Background: Many anaesthetists are deterred from using total i.v. anaesthesia because of uncertainty over the concentration of propofol required to prevent awareness. We predicted blood and effect-site concentrations of propofol at two clinical end-points: loss of consciousness and no response to a painful stimulus.
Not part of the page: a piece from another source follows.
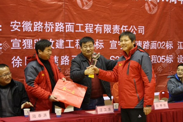 簡短而隆重的開幕式之后, 公司副總劉要武為比賽開球,比賽正式拉開帷幕。揭幕戰(zhàn)在租賃公司與宣貍L5標(biāo)之間展開。雙方球員在場(chǎng)上發(fā)揚(yáng)了敢于拼搏、團(tuán)結(jié)奉獻(xiàn)的精神,精彩、激烈的場(chǎng)面不斷出現(xiàn),贏得了場(chǎng)下觀眾的一陣陣掌聲。在兩天的角逐中,各代表隊(duì)均表現(xiàn)優(yōu)秀,隊(duì)員們之間充分溝通、相互團(tuán)結(jié),充分展現(xiàn)了“比賽第二、友誼第一”的比賽精神。后勤代表隊(duì)技高一籌,最終以領(lǐng)先幾分的優(yōu)勢(shì)戰(zhàn)勝了宣貍L5標(biāo)代表隊(duì),贏得了比賽的冠軍,宣貍L5標(biāo)、徐明03標(biāo)分別獲得亞軍、季軍。宣寧路面02標(biāo)、撫吉BP2標(biāo)、租賃公司分別獲得優(yōu)秀組織獎(jiǎng)、精神風(fēng)貌獎(jiǎng)和道德風(fēng)尚獎(jiǎng)。

Methods: Forty unpremedicated Caucasian patients were anaesthetized with i.v. propofol delivered by a Diprifusor target-controlled infusion (TCI). Bispectral index (BIS) and auditory evoked potential index (AEPex) were measured and blood and effect-site propofol concentrations were predicted. Logistic regression was used to estimate population values for predicted blood and effect-site propofol concentrations at the clinical end-points and to correlate these with BIS and AEPex.
Results: The effect-site EC(50) at loss of consciousness was 2.8 micro m ml(-1) with an EC(05) and an EC(95) of 1.5 and 4.1 micro m ml(-1), respectively. The predicted EC(50) when there was no response to a tetanic stimulus was 5.2 micro m ml(-1) with an EC(05) and an EC(95) of 3.1 and 7.2 micro m ml(-1), respectively.
Conclusions: Unconsciousness and lack of response to a painful stimulus occur within a defined range of effect-site concentrations, predicted by Diprifusor TCI software.